Given the public education framework we have at the moment, I feel that 80% of students can be fairly well served in what most would consider “traditional” classrooms. What the “traditional” classroom becomes in the future is open for debate – and ought to be. More on that later.

But that leaves 20%, or 10 and 10. I would say that 10% of potential students do not belong in a “traditional” classroom whatsoever. This is largely because of self-inflicted discipline problems. Regardless of the source of cause of the problems, students in this group must, for the sake of the 80%, be removed from traditional classrooms unless and until they choose to control their behavior and participate in their education.

The other 10 is comprised of students who do not fit or are not served well by the traditional classroom. Students fall into this 10% for a multitude of reasons. Where they differ greatly from the previous 10% is that any (or most) behavior problems they have tend not to disrupt traditional classrooms to any extent. These students are simply better served outside of the traditional classroom.

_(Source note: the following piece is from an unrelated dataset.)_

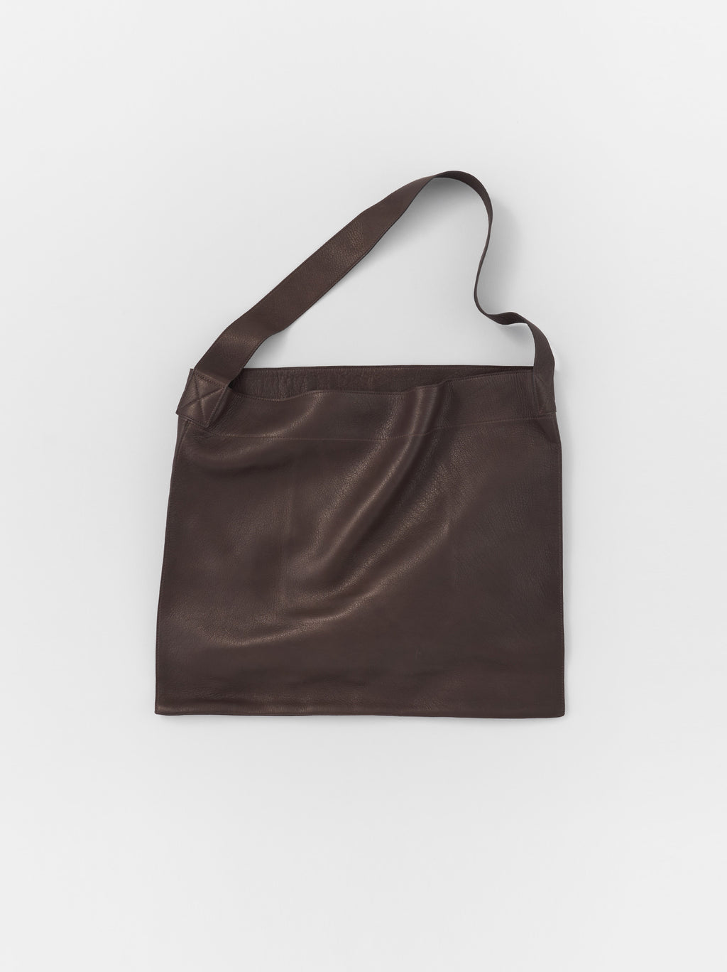 A large size one-shoulder tote made with supple and plush deer leather. The L size offers enough space to store documents and a PC. To prevent scratches, the interior is crafted with sturdy Nubuck leather. It has a moderate thickness, ensuring excellent durability. Its single-layer construction without lining adds to its lightweight charm. The long handle can also be used for crossbody wear. Inside, there is one pocket, and at the base of the handle, the straight logo of ARTS&SCIENCE is foil-stamped. Available in two colors: Dark brown, and Black.

For all of my soap-box standing and reasoned ranting against the discipline 10%-ers, I truly enjoy teaching the 80%-ers. They are the reason that most teachers wake and walk into the classroom day after day. They are the reason why many teachers spend significant summer hours searching for ways to become better teachers.

They are also the reason to reform the “traditional classroom.” The 80%-ers deserve a rigorous, varied and life-preparatory education that reflects both local character and national heritage. How to achieve that will be an on-going debate, but the reason for reform is clear: the rule-abiding, mainstream 80%-ers deserve nothing less.